Вот уже совсем стемнело, бой закончился, вражеские войска разбиты, а она бредёт по равнине, выискивая живых в куче тел. В первую очередь своих, а вообще всех, кто попадётся. Ноги, от усталости, чуть переставляются, ставшие неподъёмными крылья почти волочатся за спиной (вот когда пришло время с ностальгией вспомнить о тех, первых, которые можно было отстегнуть и поставить в уголок), а эмоционально она устала и отупела настолько, что даже мародёры, которые вместо помощи живым потрошат трупы, не вызывают злости и раздражения. Но всё равно что-то не позволяет ей махнуть на всё рукой и отправиться отдыхать. Инстинкт, всемогущий и неошибающийся, утверждает, что если она не сделает всё возможное сегодня, то не останется причин считать себя человеком завтра. Следом, толкая перед собой гравиплатформу бредут не менее усталые, но такие же упрямые медики. Голос её, в противовес усталости, ясный и сильный, далеко разносится в густеющих сумерках. Поисковый Канон, до сих пор ни разу в жизни ей не дававшийся, выходит настолько безупречно, словно голосом её управляет иное, высшее существо, которому она в какой-то момент вручила свою волю. И неизменно отыскивает тех, в ком ещё теплится жизнь.
Иногда, изредка, когда вокруг становилось особенно тихо, откуда-то издалека доносилось эхо голоса Алишера, выводящего ту же самую мелодию.
Это было не последнее сражение этой войны, бои продолжались и дальше, союзническая армия уверенно теснила войска Гегейргона вглубь их территории, но Шерил участия в них больше не принимала. Особенной нужды в том не было, да и здоровье, изрядно пострадавшее в последней авантюре, требовало восстановления.
Помятые рёбра, куда пришёлся удар чьего-то бронированного кулака, ныли. А если бы не лёгкий доспех, который её всё-таки заставили надеть перед битвой, ушибами не отделалась. Обожжённые пальцы, были так толсто обмотаны бинтами, что почти не гнулись.
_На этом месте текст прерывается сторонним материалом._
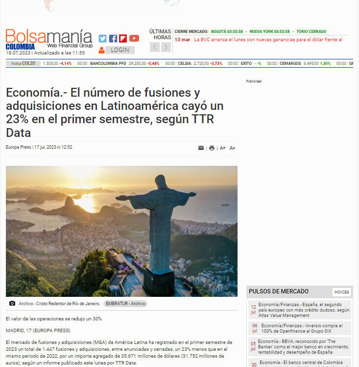 El mercado de fusiones y adquisiciones (M&A) de América Latina ha registrado en el primer semestre de 2023 un total de 1.447 fusiones y adquisiciones, entre anunciadas y cerradas, un 23% menos que en el mismo periodo de 2022, por un importe agregado de 35.671 millones de dólares (31.752 millones de euros), según un informe publicado este lunes por TTR Data.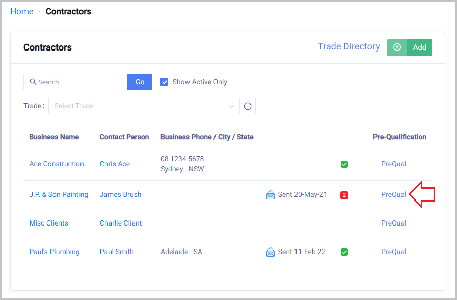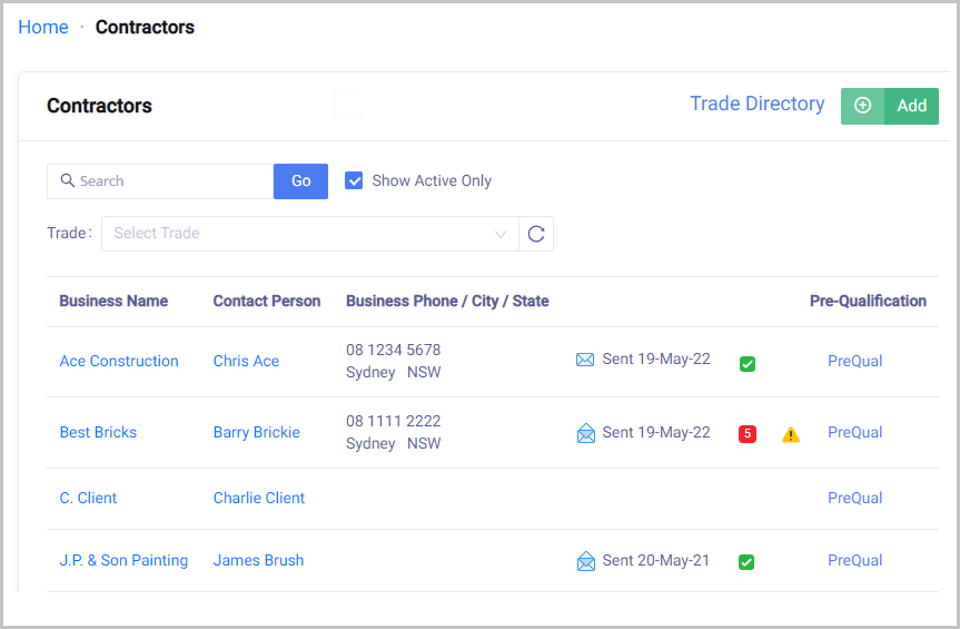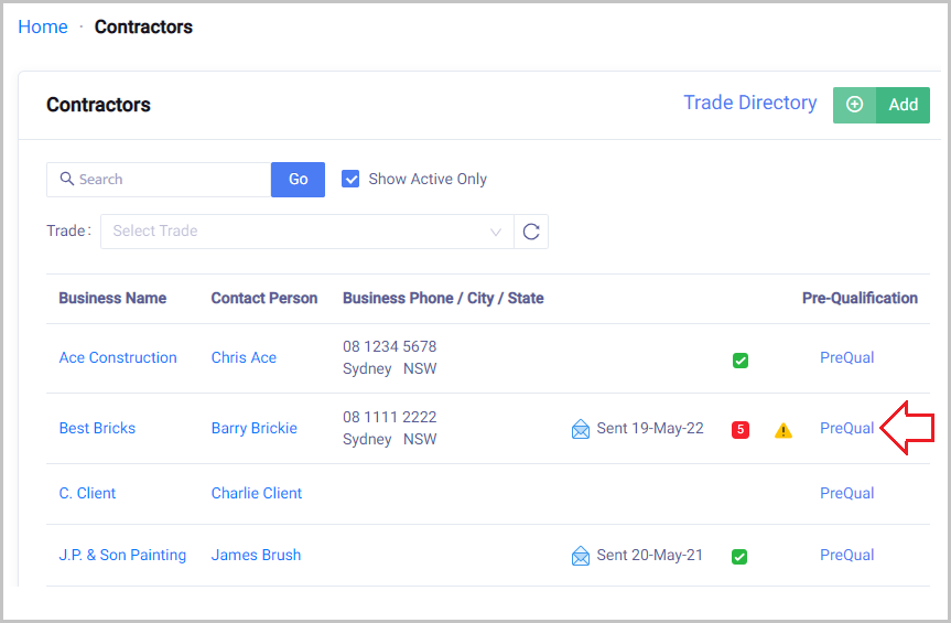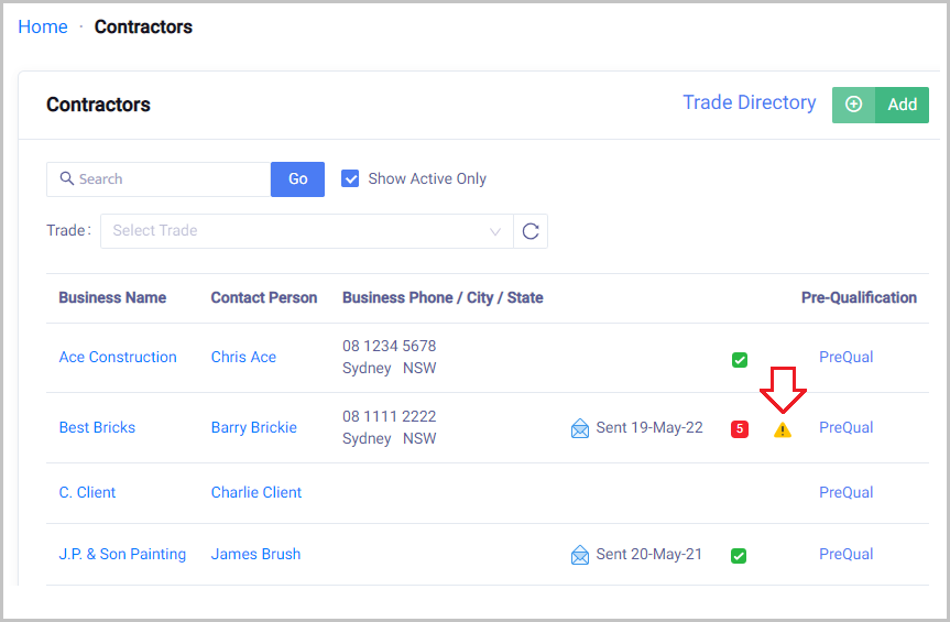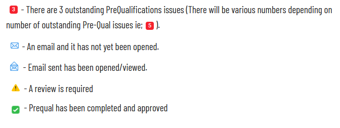 After a Contractor has supplied their information, a review request is automatically sent out. Contractors ready for review will have an icon signalling that a review is required.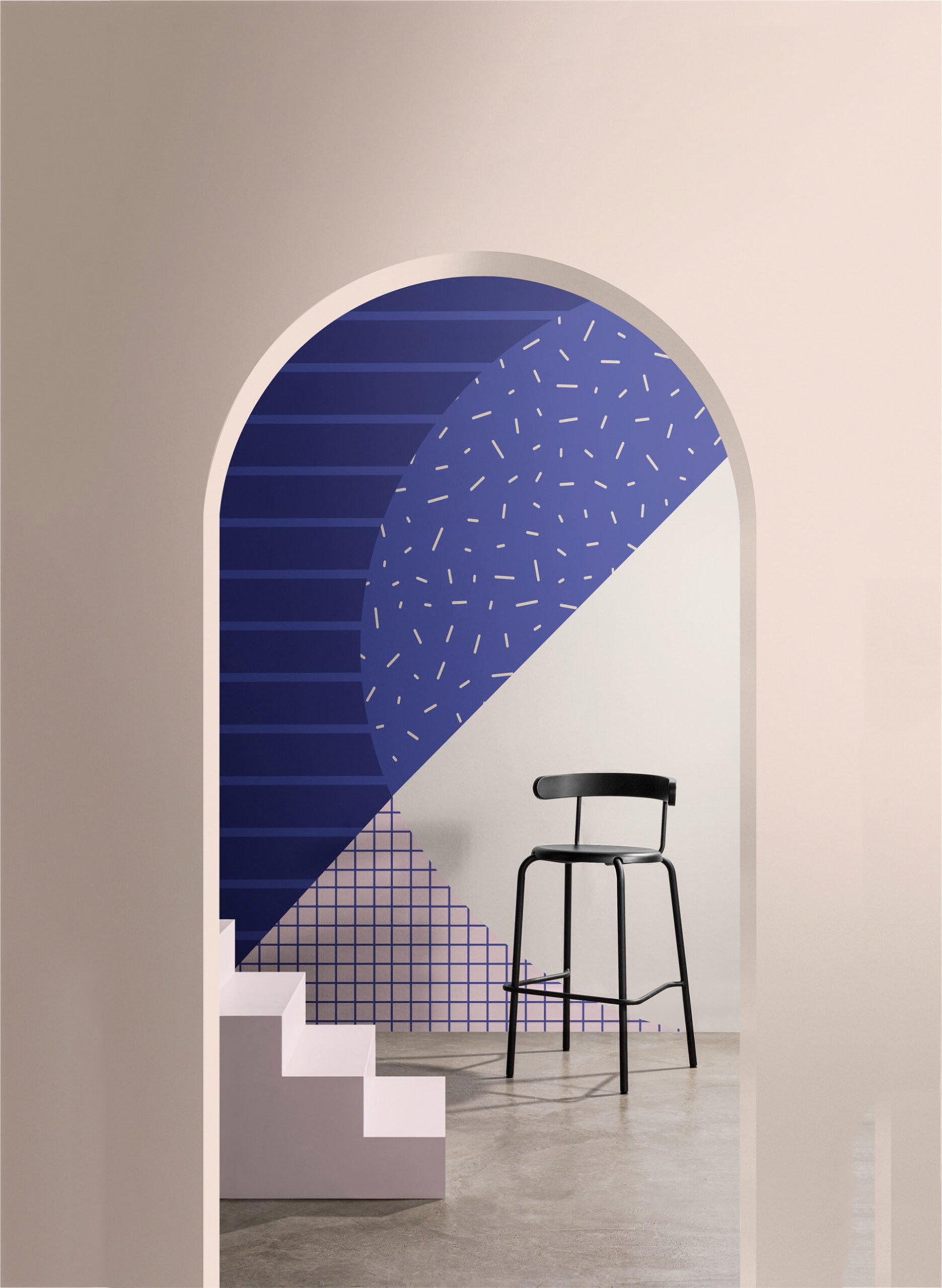 Pantone’s Color of the Year, Very Peri, enhances a crisp, modern space as part of Hovia’s Memphis Blues Blue & Pink Geometric Wallpaper Mural. hovia.com

Ещё и связки на ноге она себе ухитрилась растянуть, от чего стопа то и дело выворачивалась, отказываясь служить надёжной точкой опоры.
Но не смотря на всё это, Шерил была счастлива. А от чего бы и не быть? Она жива и почти даже цела. А главное, живы остались все самые дорогие ей люди и близкие друзья. Даже Визас, ухитрившийся опять попасть под выстрел, во второй раз пережегший все нервные окончания в крыльях, выжил. Его обнаружил и опознал как ещё дышащего Алишер, хотя по внешнему виду парня это сложно было заподозрить, потому как, упав с приличной высоты, переломался он страшно. Но целители не видели причин опасаться за его жизнь. Теперь не видели, после трёх операций, когда невезучего летуна пришлось складывать буквально по кусочкам. Но ведь выжил же! Это ли причина не радоваться?!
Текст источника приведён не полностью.